** SUPPLIED DATA follows **
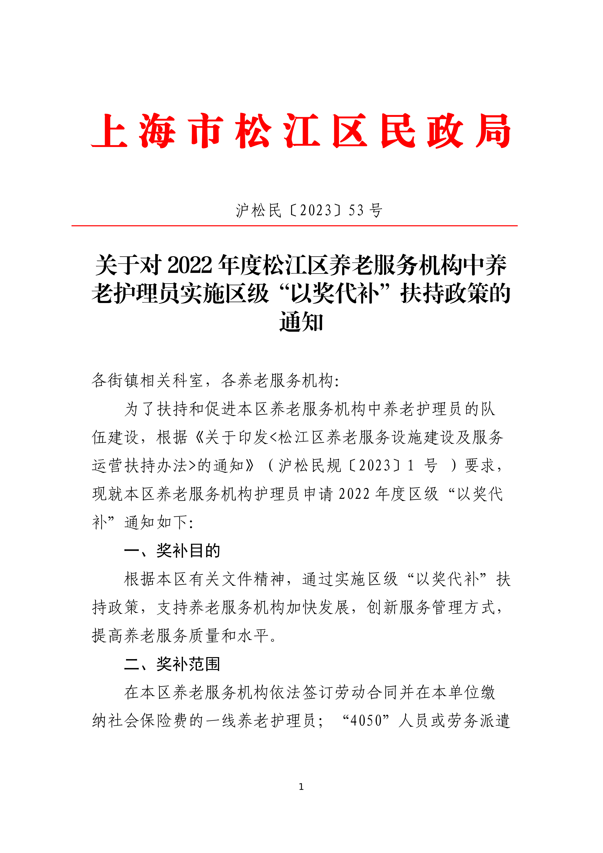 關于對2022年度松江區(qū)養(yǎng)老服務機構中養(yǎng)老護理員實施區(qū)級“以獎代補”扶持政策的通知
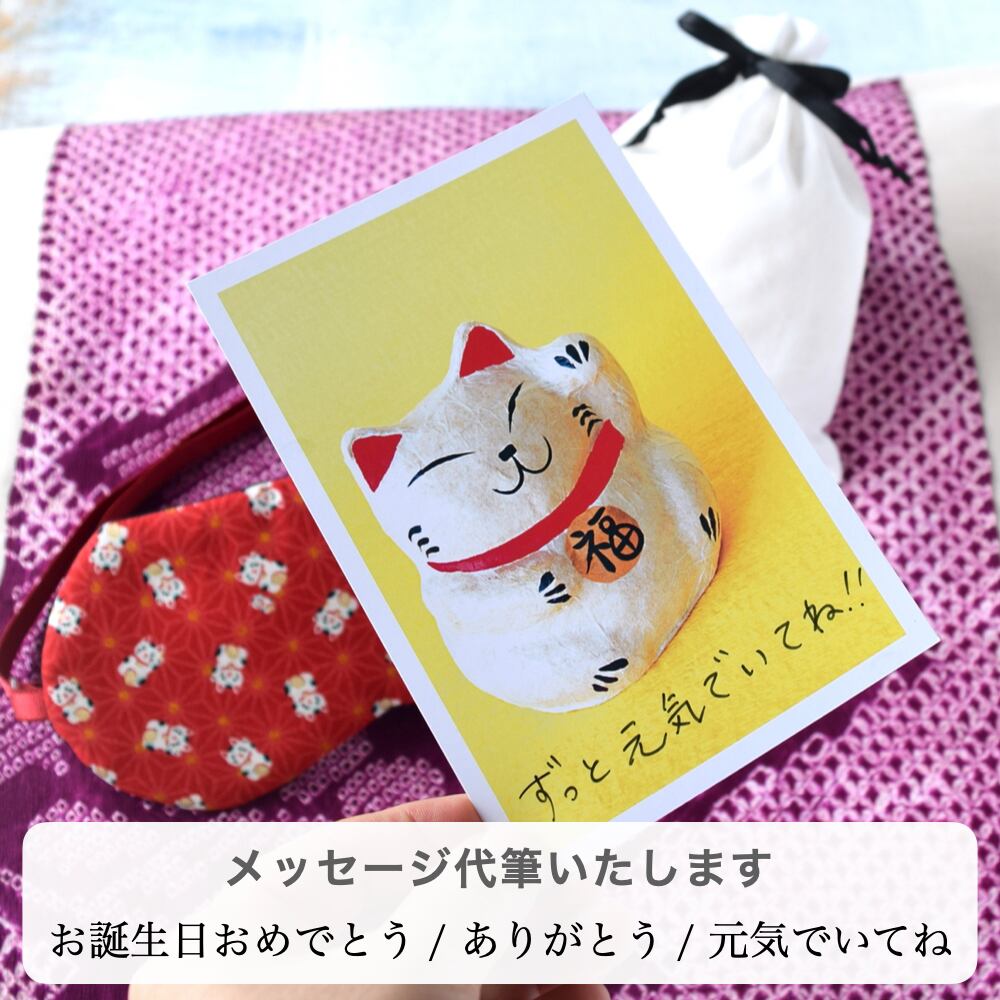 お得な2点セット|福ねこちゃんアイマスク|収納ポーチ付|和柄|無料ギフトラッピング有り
** End of SUPPLIED DATA **
** SUPPLIED DATA follows **
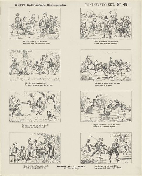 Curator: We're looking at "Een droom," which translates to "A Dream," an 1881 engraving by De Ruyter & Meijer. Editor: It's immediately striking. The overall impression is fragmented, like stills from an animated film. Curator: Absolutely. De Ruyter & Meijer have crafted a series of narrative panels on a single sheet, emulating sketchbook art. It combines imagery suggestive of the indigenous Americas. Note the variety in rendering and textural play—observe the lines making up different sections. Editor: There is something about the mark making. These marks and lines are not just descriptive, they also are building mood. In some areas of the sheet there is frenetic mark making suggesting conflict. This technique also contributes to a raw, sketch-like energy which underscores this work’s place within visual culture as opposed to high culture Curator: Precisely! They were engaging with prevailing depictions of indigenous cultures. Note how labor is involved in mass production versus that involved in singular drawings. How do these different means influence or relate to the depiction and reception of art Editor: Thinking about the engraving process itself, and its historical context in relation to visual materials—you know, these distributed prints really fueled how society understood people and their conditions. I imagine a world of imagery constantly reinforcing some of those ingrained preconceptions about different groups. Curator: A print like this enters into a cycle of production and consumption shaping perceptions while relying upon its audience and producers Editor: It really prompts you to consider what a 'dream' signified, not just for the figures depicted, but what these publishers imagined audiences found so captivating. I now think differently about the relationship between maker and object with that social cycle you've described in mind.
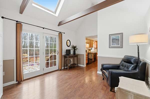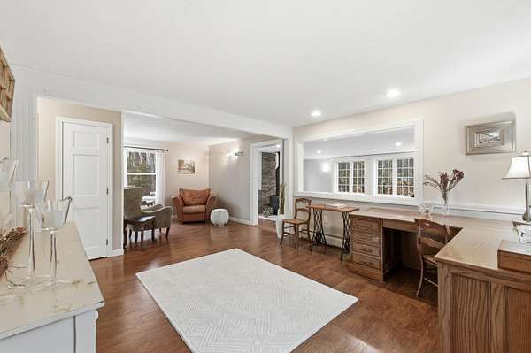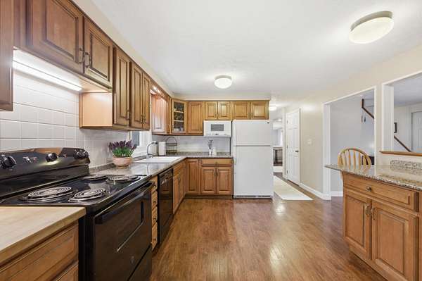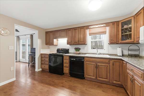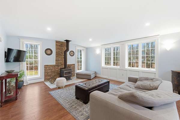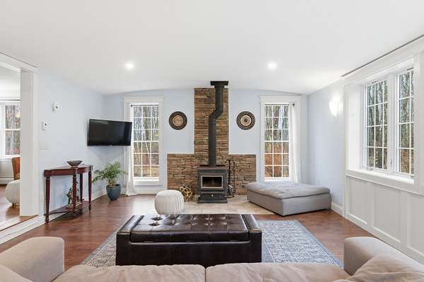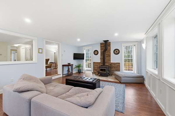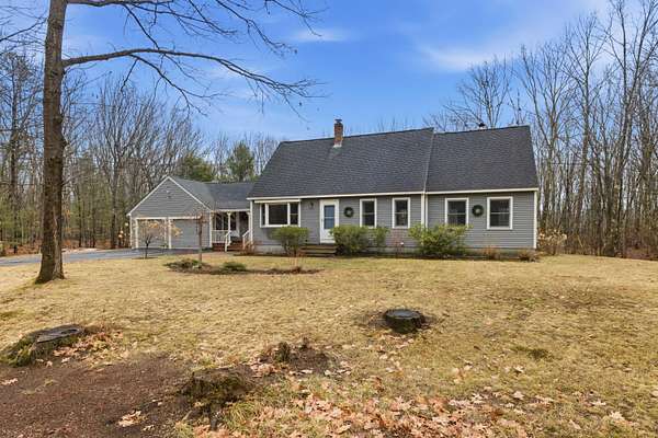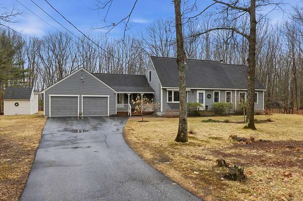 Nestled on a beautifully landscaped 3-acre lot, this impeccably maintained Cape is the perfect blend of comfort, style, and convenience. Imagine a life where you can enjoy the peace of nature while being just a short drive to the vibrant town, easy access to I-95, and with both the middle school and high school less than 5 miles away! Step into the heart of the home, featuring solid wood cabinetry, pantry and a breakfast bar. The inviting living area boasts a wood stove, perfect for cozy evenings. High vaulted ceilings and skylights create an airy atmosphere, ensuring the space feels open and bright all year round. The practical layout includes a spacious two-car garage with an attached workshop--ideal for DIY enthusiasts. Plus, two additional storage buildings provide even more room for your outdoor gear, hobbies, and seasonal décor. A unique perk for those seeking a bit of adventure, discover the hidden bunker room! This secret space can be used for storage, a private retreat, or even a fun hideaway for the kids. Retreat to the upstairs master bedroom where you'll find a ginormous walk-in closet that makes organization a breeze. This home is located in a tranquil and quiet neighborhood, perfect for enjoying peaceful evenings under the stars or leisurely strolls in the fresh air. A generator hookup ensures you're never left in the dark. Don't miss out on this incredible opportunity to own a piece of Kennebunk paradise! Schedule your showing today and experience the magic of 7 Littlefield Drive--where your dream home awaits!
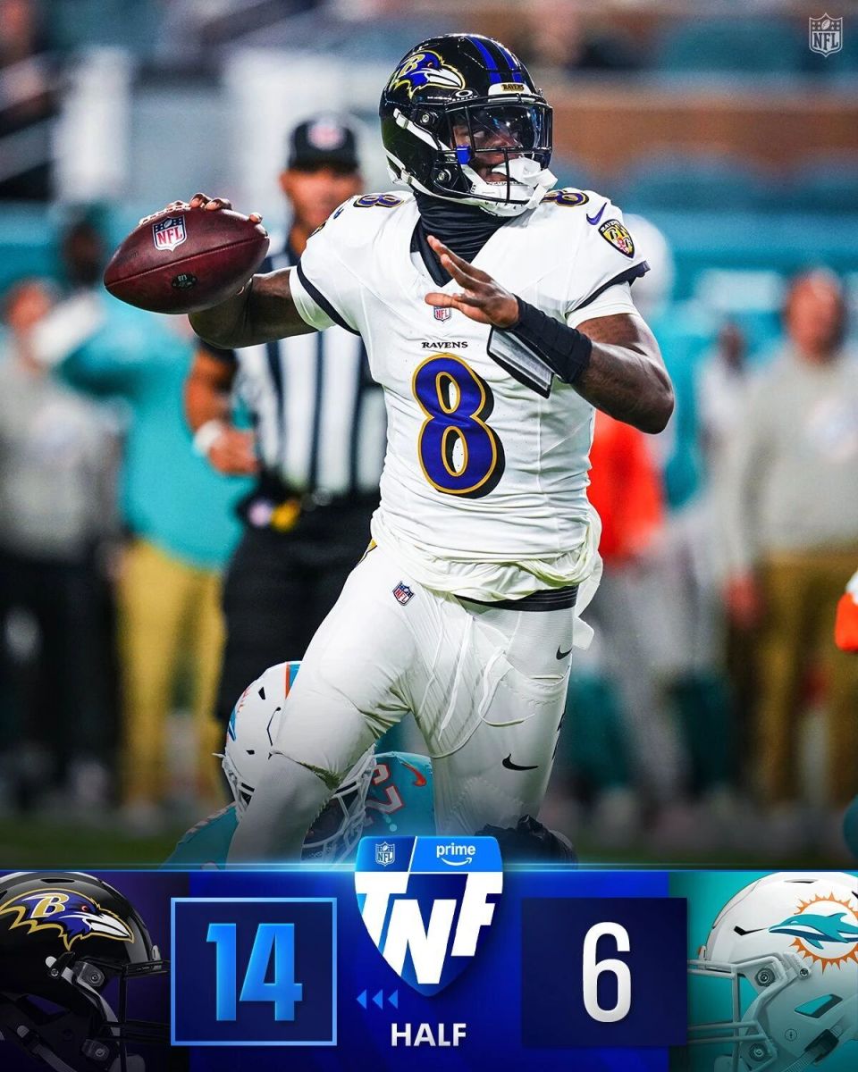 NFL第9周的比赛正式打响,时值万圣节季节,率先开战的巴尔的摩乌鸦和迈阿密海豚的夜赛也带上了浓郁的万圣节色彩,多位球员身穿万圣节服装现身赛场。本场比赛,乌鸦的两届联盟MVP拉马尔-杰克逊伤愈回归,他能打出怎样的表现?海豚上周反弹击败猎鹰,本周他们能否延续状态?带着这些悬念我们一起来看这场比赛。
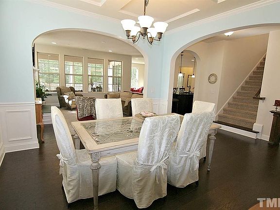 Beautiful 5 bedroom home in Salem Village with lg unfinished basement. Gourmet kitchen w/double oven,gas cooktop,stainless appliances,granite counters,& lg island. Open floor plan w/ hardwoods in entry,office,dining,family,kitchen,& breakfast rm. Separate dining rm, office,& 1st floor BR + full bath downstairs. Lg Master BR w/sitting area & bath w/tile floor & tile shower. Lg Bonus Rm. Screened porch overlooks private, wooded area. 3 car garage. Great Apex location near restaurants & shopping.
** End of SUPPLIED DATA **
Among the entries above, locate the line with "關于對2022年度松江區(q" and the line with "お得な2点セット|福ねこちゃ". Give those two lines and all lines between them again, exactly, leaving out the pictures.

 關于對2022年度松江區(qū)養(yǎng)老服務機構中養(yǎng)老護理員實施區(qū)級“以獎代補”扶持政策的通知
 お得な2点セット|福ねこちゃんアイマスク|収納ポーチ付|和柄|無料ギフトラッピング有り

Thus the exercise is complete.